I slowly slide my underwear down my legs, to my ankles. He slides them slowly down my legs, his fingers lightly grazing my skin. I run my hands back up my legs, squeezing my thighs. His hands move slowly up my legs,  grabbing my thighs, as he gently kisses my neck.  I run my hand down my inner thigh, rubbing them slowly back and forth, grabbing the meat in between my fingers. He slowly moves his hands in between my legs, giving a little smack as he grabs my inner thighs. I run my hand through my hair, gently dragging my fingers down my face, caressing my neck. His lips touch mine as I run my hand through his hair, pulling him closer to me, with my other hand digging into his back. His muscles tensing as he presses harder into me. My hand falls in between my legs, my fingers sliding down the shaft of the dildo. I turn on the vibration, the dildo's wiggling in my hand. He takes his dick and --- I open my eyes, looking at the squirming dildo.

 

"No!" throwing the dildo against the wall.
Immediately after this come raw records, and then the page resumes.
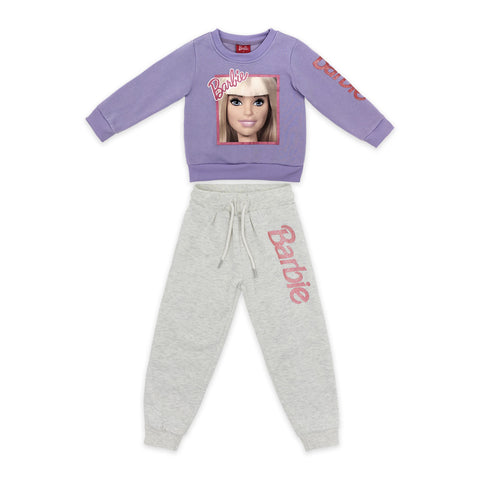 חליפת Barbie בצבעי סגול-לילך ואפור-מלאנז' לבנות
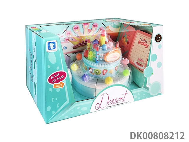With light music, birthday cake
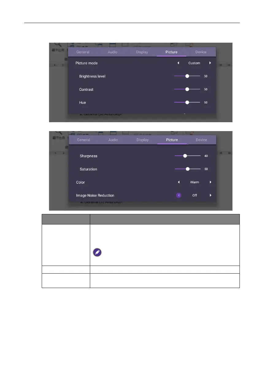 also adjust Brightness level, Contrast, Hue, Sharpness,
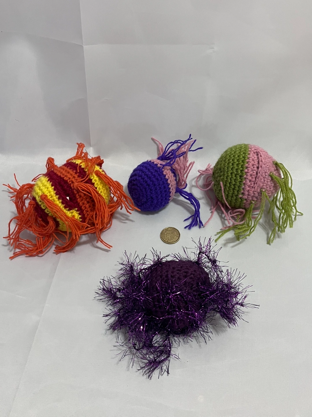 Hand crafted cat toys, great for cuddling, rolling, tossing, and bunny kicks! Made with a wool/cotton blend. Each one has a little pocket and satchel to put catnip(already included)! (Remove before washing on gentle/cold wash). Please specify which one(s) you’re interested in when messaging! Made with love by my mother, selling on her behalf. Only a select amount available! **CHECK OUT MY PROFILE FOR MORE PET ITEMS!** Bundle deals available on multiple purchases, just ask! LOCATION: for pickup in Parkdale near King St W and Jameson Ave.
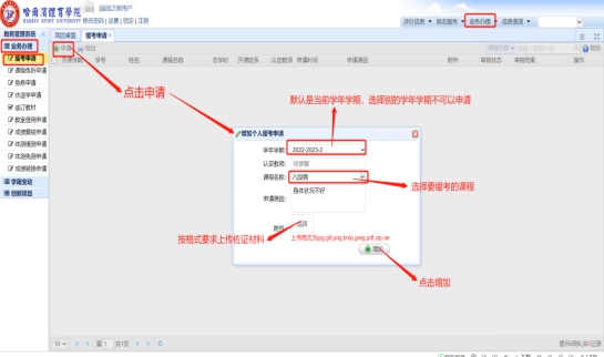1.学生登录系统,点击业务办理——缓考申请,点击申请,学年学期默认是当前学年学期,不要选别的学年学期,别的学期不可以申请的。选择这个学期要缓考的课程,填写申请原因,点击选择上传申请缓考的材料图片(比如生病受伤的医院诊断),然后点击增加。
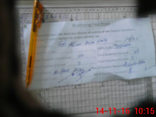 | Attendance Register | Head Teacher | MEA with School | Visit Proof |
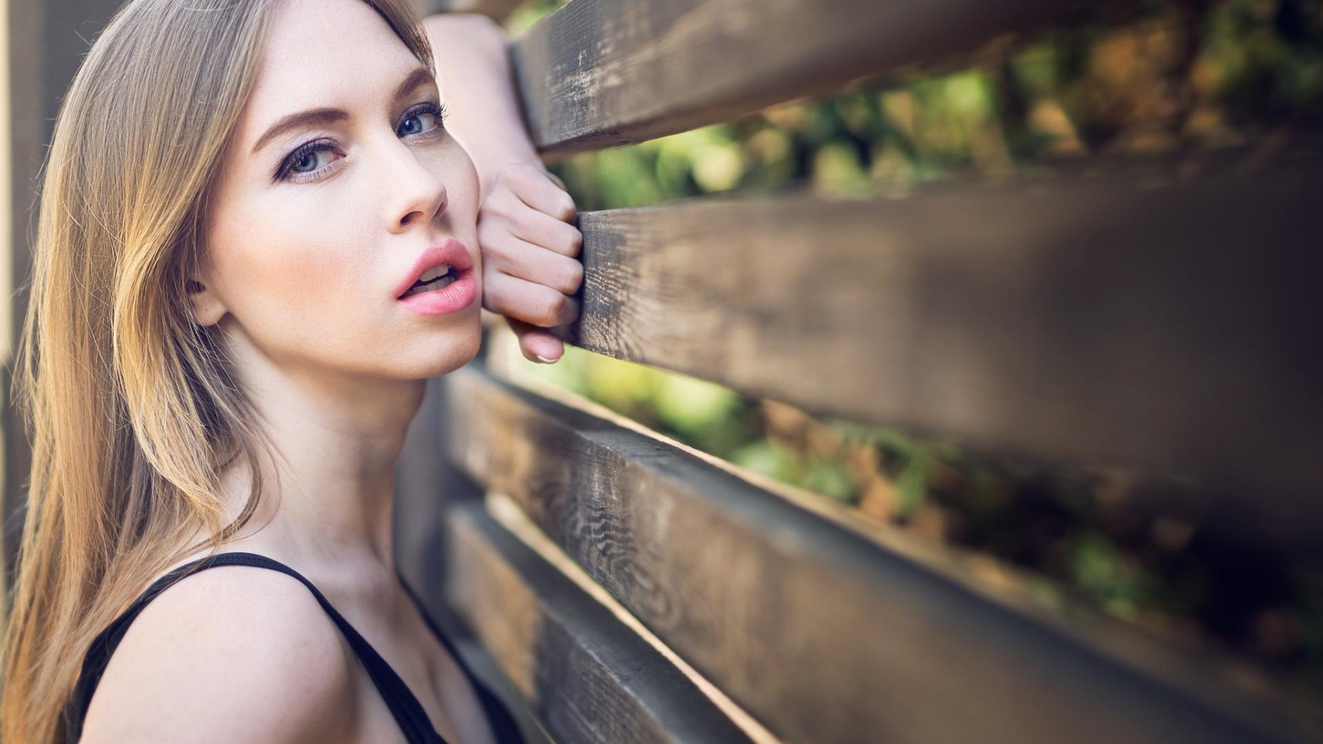Wallpaper Beautiful blue-eyed girl at a wooden fence
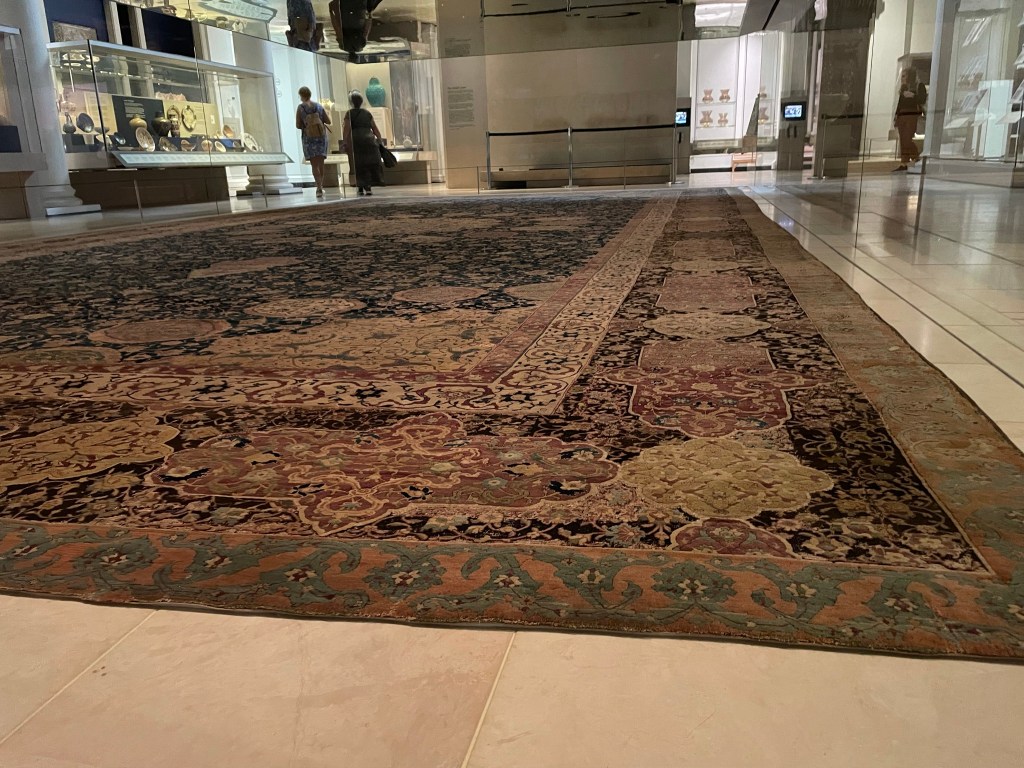 There’s a carpet on the floor, hard wearing type. It has geometrical pattern of blue and black with cream specks.
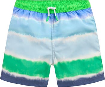 A vibrant tie-dye pattern brings playful flair to these lightweight swim trunks topped by a drawstring waist to give your beachgoer a comfy fit.
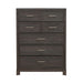 Create a room of your own that provides the perfect start and end to each day with the Modern Edge 5 drawer chest. Meticulously crafted using Rubberwood solids and Melamine, this chest features a Caffe finish. The chest boasts wide picture frame molding and a distinguished raised block base, exuding timeless charm and sophistication. Each drawer front is wood framed, accentuating the craftsmanship and adding a touch of elegance to the piece. Adorned with Satin Wash bar pull hardware, the drawers offer both ease of use and visual appeal. The top two drawers feature a unique design element: moldings that create the illusion of two separate drawers while still providing deep storage space within each. This clever detail adds visual interest and enhances the chest's versatility, allowing for efficient organization without compromising on style. Whether you're storing clothing, linens, or personal belongings, the Modern Edge 5 drawer chest offers ample storage capacity while elevating the aesthetic of your bedroom. With its impeccable design and thoughtful details, it's sure to become a cherished piece in your home for years to come.
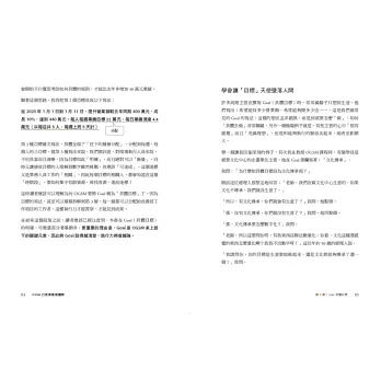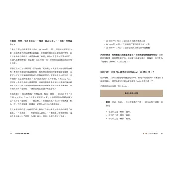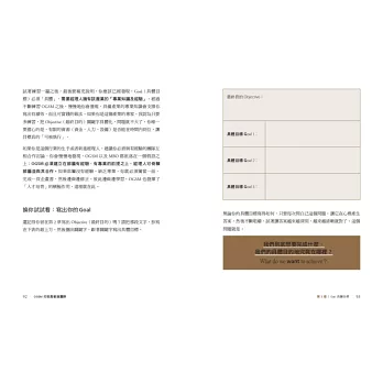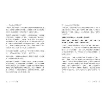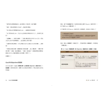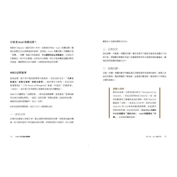 如果你已經讀過目標管理與OKR相關書籍,覺得仍舊空中樓閣,難以落地,那這本書非常值得你好好讀過一遍,幫助自己融會貫通。若你從未讀過目標管理或OKR的書,我會建議不妨先從這本書讀起,比起OKR,本書把目標管理的實作精神講得更仔細、更方便讀者套用在日常管理當中。──姚詩豪(大人學共同創辦人)
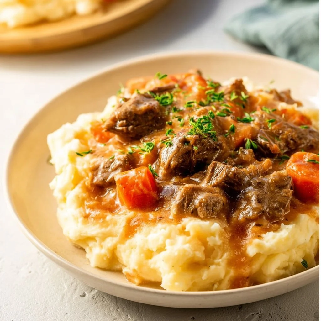 A cozy and heartwarming stew made with beef, apple cider, and served over fluffy mashed potatoes, perfect for fall.

It hits the floor, continuing to wiggle.

 

"Did you just throw your dildo at the wall?" my roommate's voice calls out from the other side of the wall.

 

"Yeah."

 

"You ungrateful bitch!"

 

​

...

​

 

He leans back in his chair and relaxes his hands.

 

"Where is it now, the dildo?"

 

"I use it as a necklace holder."

 

He crosses his legs, shaking his head, "such a waste of a perfectly good dildo."

 

"Do you want it? I mean I didn't use it, it just grazed the field, if you know what I mean? It's technically unused."

 

"You'd do that?"

 

"Well, I mean, if you don't want it, that's cool. I'm not going to force a dildo on you."

 

"No, no. I'll take it."

 

"Cool. Anyways, where were we? Right, so, uh, what do you do for work?"